Cybersecurity has become an unlikely top-line priority for managers of pooled investment vehicles (“Fund Managers”) and broker dealers (“Broker Dealers and, together with Fund Managers “Investment Firms”). As a result, Investment Firms are under relatively sudden and intense pressure to implement meaningful and effective Cybersecurity controls within their organization. Several factors demonstrate that Cybersecurity is squarely in the crosshairs of the Securities and Exchange Commission (the “Commission”). Examples include: (i) the recent “Cybersecurity Sweeps” conducted by the Commission: (ii) its triaging Cybersecurity as a top regulatory priority for the last four (4) years running; and (iii) recent Commission enforcement actions that have induced at least one seven-figure settlement, censure and have even led to criminal proceedings. Clearly, “Cybersecurity Preparedness” is viewed by the regulators as both a core control and a minimum standard.

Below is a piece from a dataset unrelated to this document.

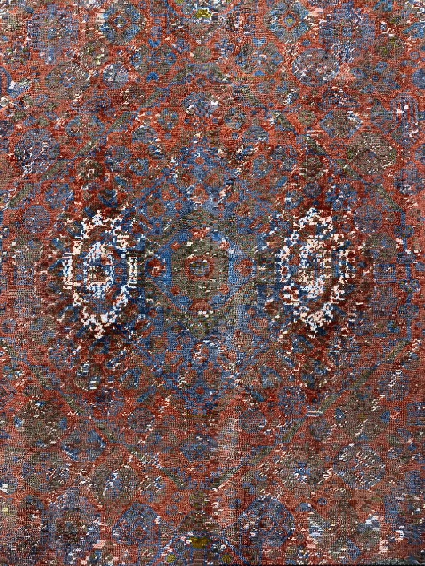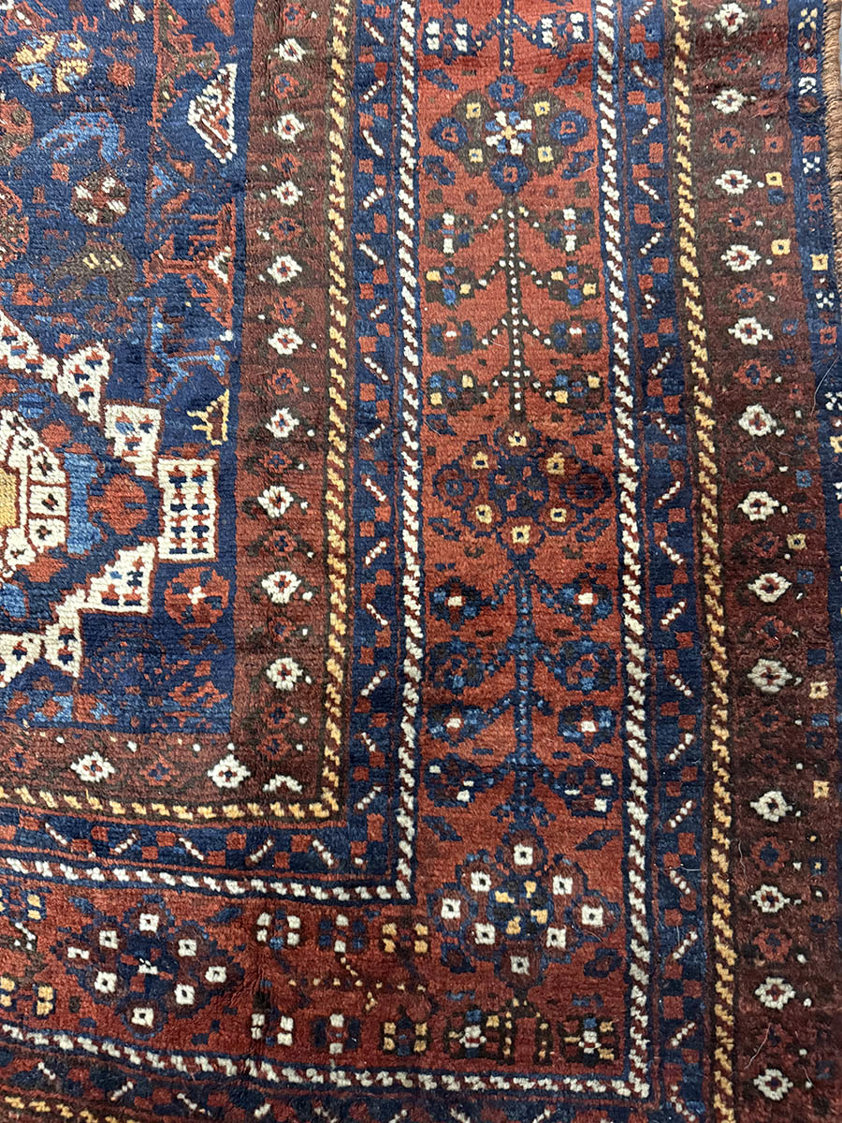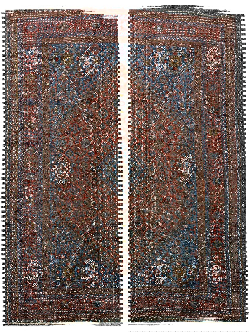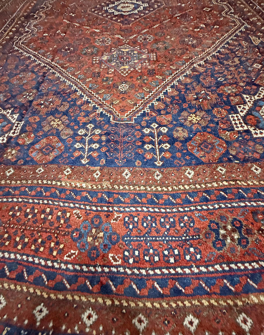 In each corner, decorative elements echo the geometry of the central medallion, helping to balance the composition, while multiple borders filled with small repeating motifs frame the rug and reinforce its rhythmic structure. The colours, derived from traditional natural dyes, have mellowed beautifully with age, producing the deep blues, warm reds, and earthy tones that are characteristic of antique Kamseh weavings.

Efforts to achieve an unimpeachable Cybersecurity Program are being conducted more and more by a large majority of Investment Firms yet, it’s not something that such firms will freely and candidly discuss among peer groups and/or open industry dialogues. There are several reasons for this phenomenon. First, the path to building a compliant Cybersecurity Program flows through every cross section of each Investment Firm’s enterprise – IT, HR, Compliance, Investor Relations, Legal, Accounting and even Operations and achieving this end requires those undertaking it to have a myriad of skill sets and both an understanding and appreciation for each of these otherwise unrelated functions. Not many individuals want to jump into such a varied and largely unfamiliar exercise, much less talk about it openly with peers and colleagues. Second, the law, regulation and rules pertinent to Cybersecurity in the investment management space are not exactly black-letter law or bright-line rules and its simply unclear as to what the required elements are for a given Investment Firm’s Cybersecurity Program. Third, there is a misperception among Investment Firms (and especially with Fund Managers) that it’s better not to take a deep-dive into either designing a new Cybersecurity Program or, alternatively, having it tested and assessed, due to a fear of finding deficiencies. This is a dangerous misperception based largely on fear that seems irrational when one considers the Commission’s directives that: (a) it expects Investment Firms will suffer breaches and cyber-attacks and any such event, in of itself, will not lead to a regulatory action, fine or penalty, (b) it is more interested in how such firms can demonstrate they are prepared for such breaches and ready to respond to and remediate such breaches, and (c) most importantly, periodic testing and assessments are, in of themselves, required by the regulators; better to self-discover any deficiencies and cure them voluntarily, then have the Commission make these findings and take action because of a failure to identify and remediate them.
And thus, the road for Investment Firms to develop a truly unimpeachable Cybersecurity Program is an unfamiliar one. However, an initial Cybersecurity Assessment is not only a gentle initial step but also a process that the regulators expect.